Feed-in tariffs have potential. Government are currently considering the tariffs and how this could work but the consultation proposal included a tariff for electricity generated by renewable systems, with an additional bonus for energy exported to the grid. Being paid more for energy you do not use is likely to encourage energy efficiency. As an illustration, a house using 4,500 kWh/yr, at a standard rate of 10 pence would cost £450 a year. Where that house is able to generate 1,200 kWh/yr and export 500 kWh/yr, the homeowner earns £55 (rather than the £450 cost) per year. It will be useful to see what government decide. As fuel prices rise, the returns from feed-in tariffs have the potential to make a contribution.
The doers
Leading housing associations are trying things out for themselves. Hyde Housing Association refurbished a terraced house to an 80 per cent carbon dioxide reduction last year. This project is impressive. The improvement is significant considering the SAP was reasonably performing house and the impacts of the works are being monitored. Brilliant.

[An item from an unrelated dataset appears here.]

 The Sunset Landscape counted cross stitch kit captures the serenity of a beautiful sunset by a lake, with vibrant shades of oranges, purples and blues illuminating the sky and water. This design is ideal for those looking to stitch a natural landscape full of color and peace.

Gentoo Housing Group is providing honest concise reports on the approaches that best worked when installing low carbon measures into existing homes. The results might surprise you. How many homes did they need to look at to find 100 that could incorporate solar thermal? Check it out at www.sustainablehomes.co.uk
Some private householders are also making moves. ‘Old home super home’ is a collection of home owners that have refurbished old homes to over 60 per cent less carbon. They will even take you inside and talk you through the work they did.
The sector is sitting up and noticing. There is a plethora of ways that best practise is being shared. The Energy Savings Trust publishes case studies. One other way is through the Sustainable Homes Index For Tomorrow network. SHIFT assists registered social landlords to reduce their environmental impacts. Learning events help each organisation learn the details of how others are leading and knowledge is shared on achieving lower carbon refurbishments but also on helping residents to understand their homes. Great stuff: low carbon homes and low carbon lifestyles.
So, there is a great deal happening - but the goal is mammoth. If you have housing stock, you could pilot an improvement. If you own a home, you should be considering initial steps for improving it. When you hear from the previous chief scientific adviser to the government, that ‘refurbishing our existing housing stock is the single biggest engineering challenge this country has ever faced’, there are two possible reactions. Is it an impossible task or a task that can significantly improve everyone’s lives? Where do you sit?